Once your accountant completes and files your income taxes (because really, there’s no need for taxes to be a do-it-yourself kind of job), CRA will send you a notice of assessment. It will either confirm that your return was assessed as filed or will identify adjustments made by the CRA.

If your business is one of the lucky ones to have been re-assessed, what should you do now? (Because of course, such re-assessments rarely favour the taxpayer.)

First we’ll tell you what not to do —don’t glance at the letter and put in a drawer to deal with later. Just like if your business receives an audit notice, call your accountant right away. Discrepancies between income tax returns and CRA tax assessments are not uncommon and sometimes your accountant making a call to the tax centre can easily resolve the issue.
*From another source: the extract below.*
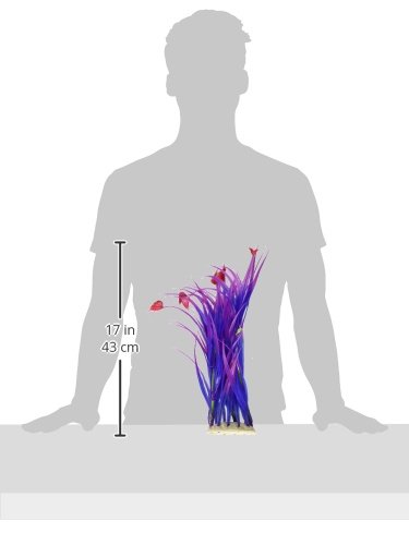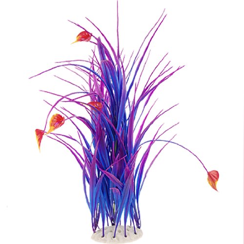 Jardin Plastic Fish Tank Plant with Ceramic Base, 16.5-Inch High, Blue Purple

If the problem can’t be easily resolved, and if you still believe that you have been wrongly assessed, it’s time to file a Notice of Objection. Typically the basis for such an appeal are a disagreement with the CRA assessment of the taxes owed or a dispute over how the CRA has interpreted the income tax law on your return. For example, your CRA assessment disallows what you believe to be eligible business expense deductions.


90 days


Your Notice of Objection must be filed within 90 days of the date printed on the Notice of Assessment. Again, don’t wait until the last minute to call your accountant. It takes time to prepare the relevant documents and facts and complete the necessary forms to explain why you disagree with the assessment.

Once the objection is filed, it’s no longer necessary to pay CRA the amount owing as a result of the reassessment; that fee can wait for the outcome of the objection. But be aware that interest will continue to accrue in the meantime.

After reviewing the facts and documents, a CRA official will make a decision. Should your objection be successful, your tax amount will be adjusted accordingly. However, should your objection fail, you’ll owe the initial amount plus the additional interest. (You do have the option at this point of taking your case to tax court, but be aware that that route involves costly lawyers and other fees.)

It’s important to note that this same process also applies to HST assessments should you feel that your business has been unjustly re-assessed.

Filing an objection is your right as a Canadian taxpayer, but know that the process takes time to wind its way through CRA. A low complexity objection takes approximately three to four months to be reviewed. A mid-level complexity objection can take more than one year.